The data

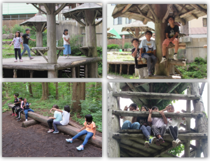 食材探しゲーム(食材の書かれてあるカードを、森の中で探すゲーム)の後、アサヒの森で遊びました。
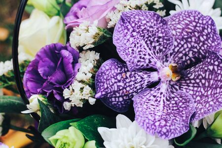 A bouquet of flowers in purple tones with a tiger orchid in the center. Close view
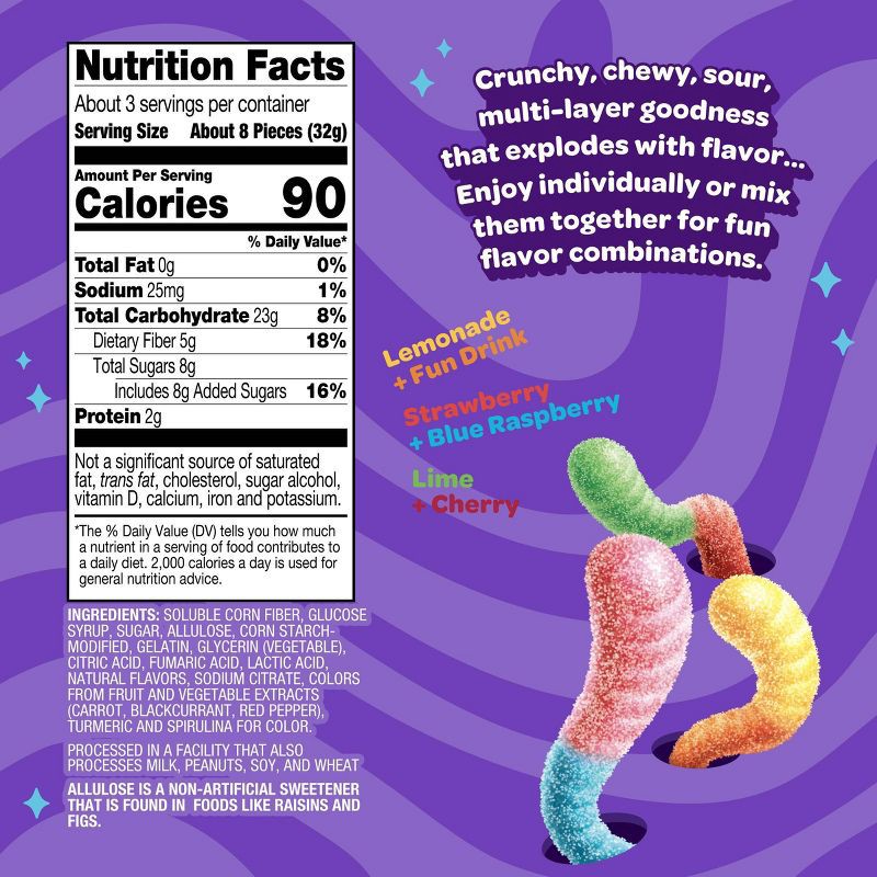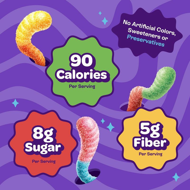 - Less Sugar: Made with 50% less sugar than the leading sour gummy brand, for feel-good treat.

Work required
An exact copy of every line above is needed, without the images.

Problem solution
 食材探しゲーム(食材の書かれてあるカードを、森の中で探すゲーム)の後、アサヒの森で遊びました。
 A bouquet of flowers in purple tones with a tiger orchid in the center. Close view
 - Less Sugar: Made with 50% less sugar than the leading sour gummy brand, for feel-good treat.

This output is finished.